Hotel Industry Claims That Airbnb Market Dominated By “Illegal Hotels”

Image courtesy of Neff Conner

Home-sharing platforms like Airbnb describe their services as a way for homeowners with extra rooms — or second houses they rarely use — to connect with people looking for a place to stay. Hotel owners counter that Airbnb just lets people run de facto hotels without all of the regulations and taxes. In a new report, the industry lays out its case against these allegedly illegal hotels.

The data used for the study came from the analytics site AirDNA, and real estate firm CBRE crunched the numbers for the American Hotel & Lodging Education Foundation, funded by industry trade group the American Hotel & Lodging Association.

The study [PDF] contends that most Airbnb’s revenue comes from rentals of whole units, meaning an entire apartment or house, for short periods of time.

The report also points out to what it says is a growing number of landlords renting out multiple properties. According to the study the amount of money earned by hosts renting multiple whole units increased in the last year. Hosts with multiple properties saw their earnings go up even more, claims the industry, which notes that hosts in Nashville saw this type of revenue quintuple in a single year.

New York and San Francisco are exceptions to this trend. Both cities have expensive housing markets and city governments attempting to crack down on landlords who use Airbnb to run unlicensed hotels.
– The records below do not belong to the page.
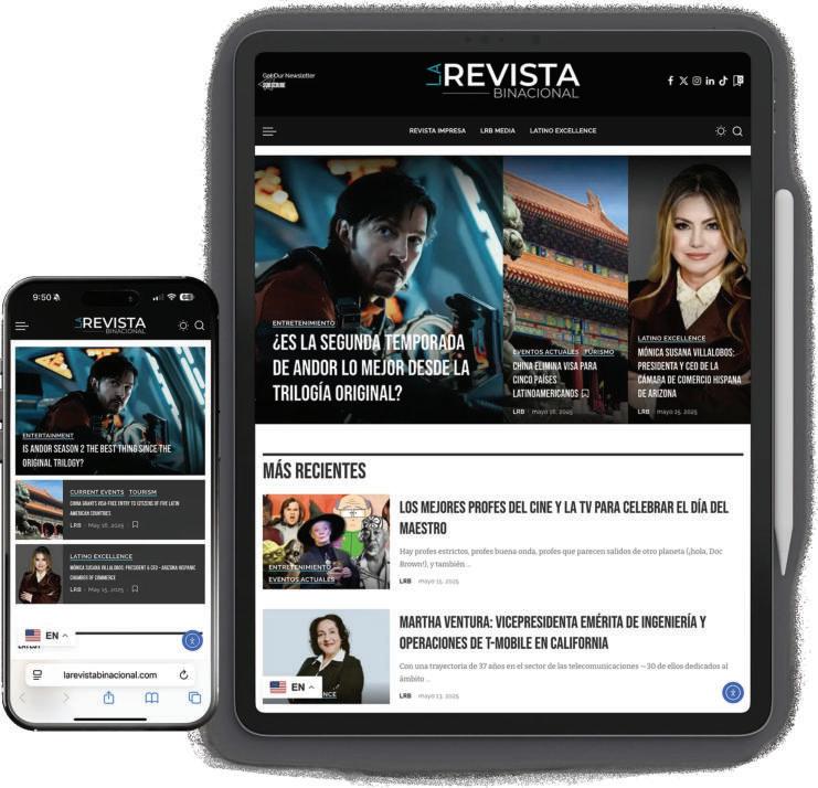 En La Revista Binacional, nos enorgullece destacar las historias, los negocios y los líderes que continúan impulsando a nuestra comunidad a través de las fronteras. Así como las hojas cambian de color, nuestra cultura continúa creciendo, adaptándose y oreciendo, siempre arraigada en los valores y las tradiciones que nos de nen. (¡Nadie puede decirnos quiénes ser ni de qué enorgullecernos!)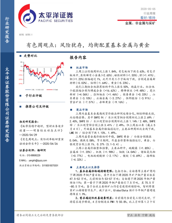 【太平洋证券】【20200505】有色周观点:风险犹存,均衡配置基本金属与黄金-4页
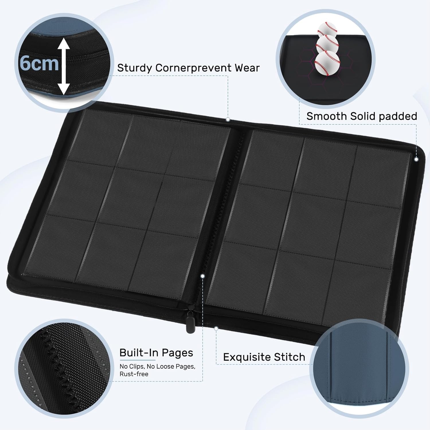 - Side Loading & Ultra-Clear Pages: Featuring archival-grade acid-free & non-PVC materials, this side-loading card binder prevents fading and card stickiness while its ultra-clear anti-scratch sleeves showcase holofoil details and securely lock cards in place—ideal for prolonged storage and collection display.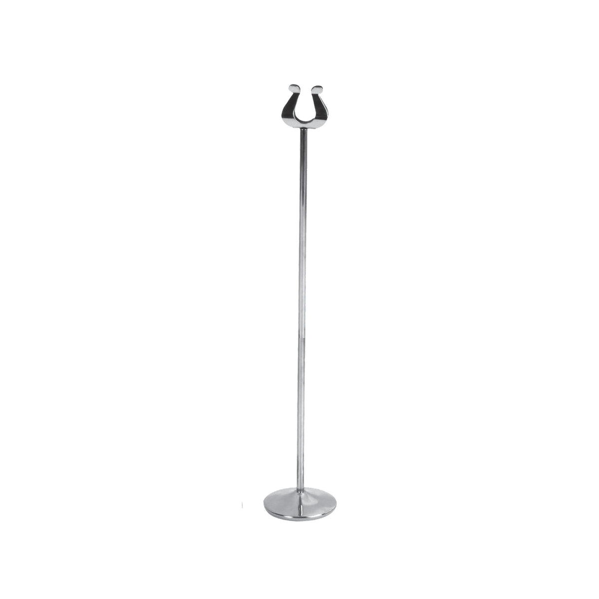 12" Overall Length, 3" Diameter Base, 9-5/8" Pole Length, 1-5/8" x 1-3/4" Clip, Table Card Stand, Stainless Steel, Heavy Base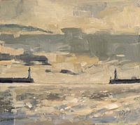 De twee vuurtorens op de havenpieren van Dover (UK) markeren de poort naar het zeegat richting het Continent. Een prachtige impressie van Nop Briex.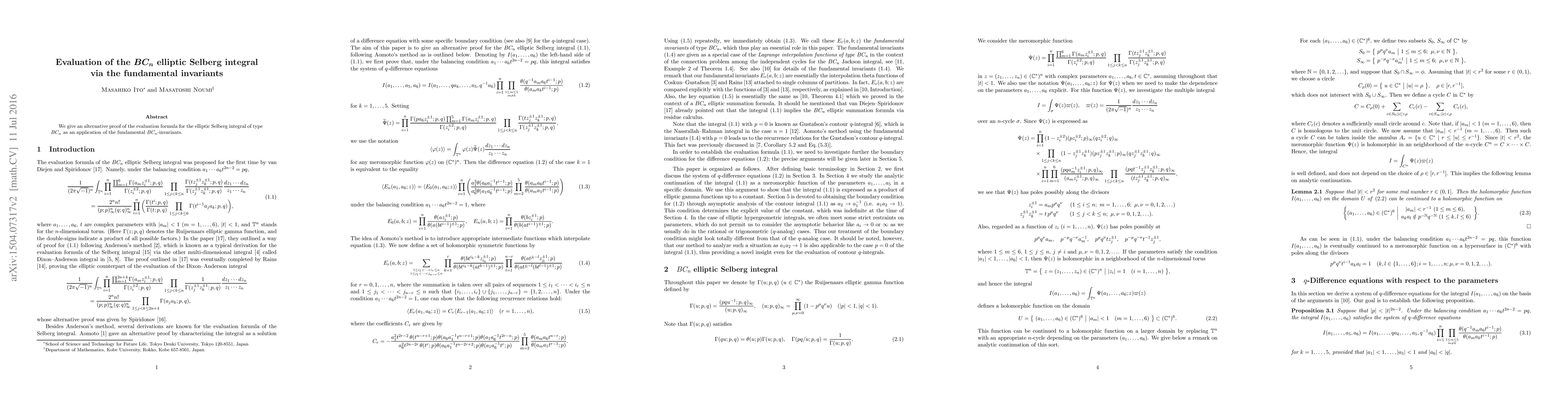We give an alternative proof of the evaluation formula for the elliptic Selberg integral of type $BC_n$ as an application of the fundamental $BC_n$-invariants.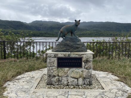 西表島西部、海中道路沿いの緑地帯に設置されているのが、このイリオモテヤマネコの銅像です。正面には海が広がり、その先には島を代表する景観の一つ、ピナイサーラの滝を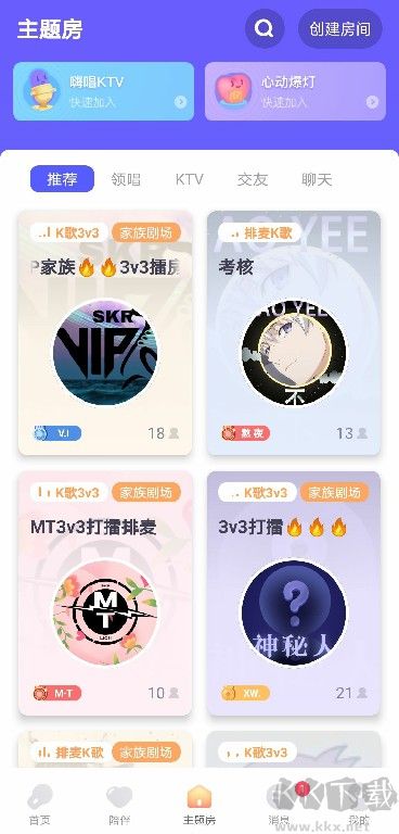 提供多種主題的多人語(yǔ)音房,支持排麥演唱、記歌詞游戲、交友互動(dòng)及小游戲PK等豐富玩法,趣味性更強(qiáng)。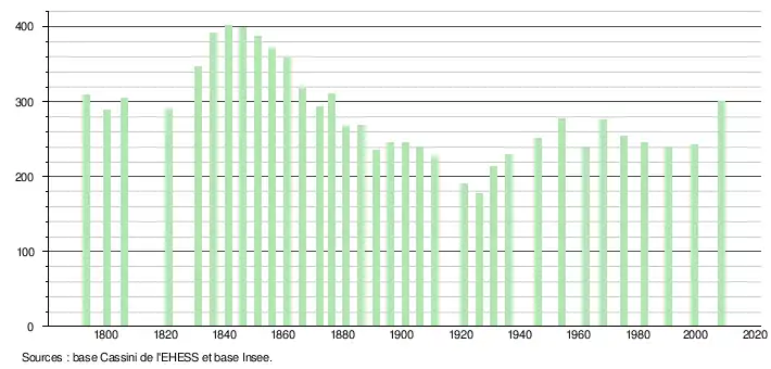 L'évolution du nombre d'habitants est connue à travers les recensements de la population effectués dans la commune depuis 1793. À partir du , les populations légales des communes sont publiées annuellement dans le cadre d'un recensement qui repose désormais sur une collecte d'information annuelle, concernant successivement tous les territoires communaux au cours d'une période de cinq ans. Pour les communes de moins de 10 000 habitants, une enquête de recensement portant sur toute la population est réalisée tous les cinq ans, les populations légales des années intermédiaires étant quant à elles estimées par interpolation ou extrapolation[8]. Pour la commune, le premier recensement exhaustif entrant dans le cadre du nouveau dispositif a été réalisé en 2008[9],[Note 1].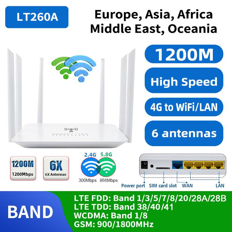 LT260A двухдиапазонный 2,4G и 5,8 Ghz 1200Mbps CAT6 VPN модем 4G Wifi роутер со слотом для sim-карты

“The report debunks the story Airbnb likes to tell of themselves as merely a home-sharing platform where hardworking Americans may occasionally rent a room in their homes,” the president and CEO of the American Hotel & Lodging Association, Katherine Lugar, told the Chicago Tribune.

An Airbnb spokesman pointed out some flaws in the analysis to the Tribune. First, a guest cottage or in-law suite, for example, counts for the purpose of this study as a whole-unit rental, but that functions differently from a whole separate apartment only for travelers.

At the same time that hotels condemn Airbnb and its competitors, they also list rooms on the site, hoping to compete for tourist dollars.